Segment Start: RECORDED INFORMATION

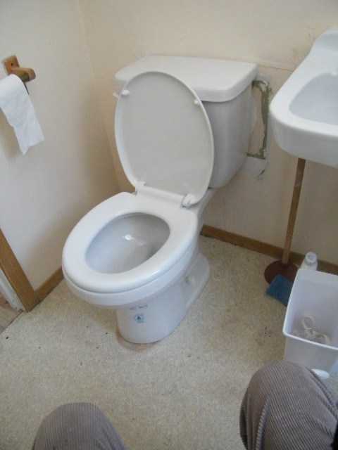 At fixing up the upstairs flush.
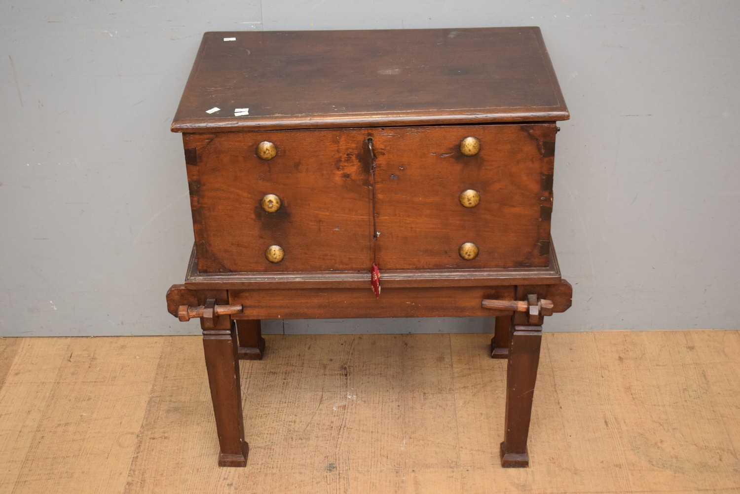 A RUSTIC TIMBER CHEST ON STAND WITH METAL HANDLES (75H x 78W x 42D CM) (LEONARD JOEL DELIVERY SIZE: MEDIUM)
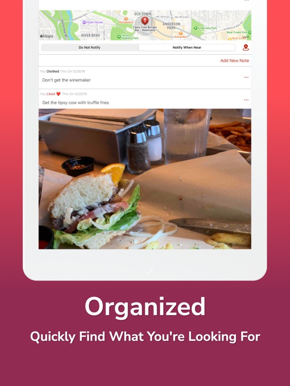 "description": "Faves is an easy to use, powerful location based note taking app. Take notes, photos, record likes, dislikes, and tag them to any geographical location. Set geo-reminders that will notify you when you return to that spot. Sort by category, view on a map, or search by what's nearest to you. Automatically sync between all your iOS devices. There are many applications. Here are some of our favorites:\n\n• Restaurants to remember or avoid\n• Special orders to get again\n• Favorite or disappointing tourist spots\n• Items like or dislike while shopping\n• Where we parked our car :)\n\nThese are just few of our uses for this app. There are endless applications, tell us about your favorites.\n\nFeatures:\n\n• Tag notes and photos to any location\n• Ratings of what you liked/disliked\n• Location based reminders\n• Easy sorting and categorization\n• Automatically syncs between devices\n• Dark mode supported",

Segment End: RECORDED INFORMATION

• PROMPT: The whole listing above needs to be copied exactly; please keep the pictures out.

• ANSWER FOR THE TASK:
 At fixing up the upstairs flush.
 A RUSTIC TIMBER CHEST ON STAND WITH METAL HANDLES (75H x 78W x 42D CM) (LEONARD JOEL DELIVERY SIZE: MEDIUM)
 "description": "Faves is an easy to use, powerful location based note taking app. Take notes, photos, record likes, dislikes, and tag them to any geographical location. Set geo-reminders that will notify you when you return to that spot. Sort by category, view on a map, or search by what's nearest to you. Automatically sync between all your iOS devices. There are many applications. Here are some of our favorites:\n\n• Restaurants to remember or avoid\n• Special orders to get again\n• Favorite or disappointing tourist spots\n• Items like or dislike while shopping\n• Where we parked our car :)\n\nThese are just few of our uses for this app. There are endless applications, tell us about your favorites.\n\nFeatures:\n\n• Tag notes and photos to any location\n• Ratings of what you liked/disliked\n• Location based reminders\n• Easy sorting and categorization\n• Automatically syncs between devices\n• Dark mode supported",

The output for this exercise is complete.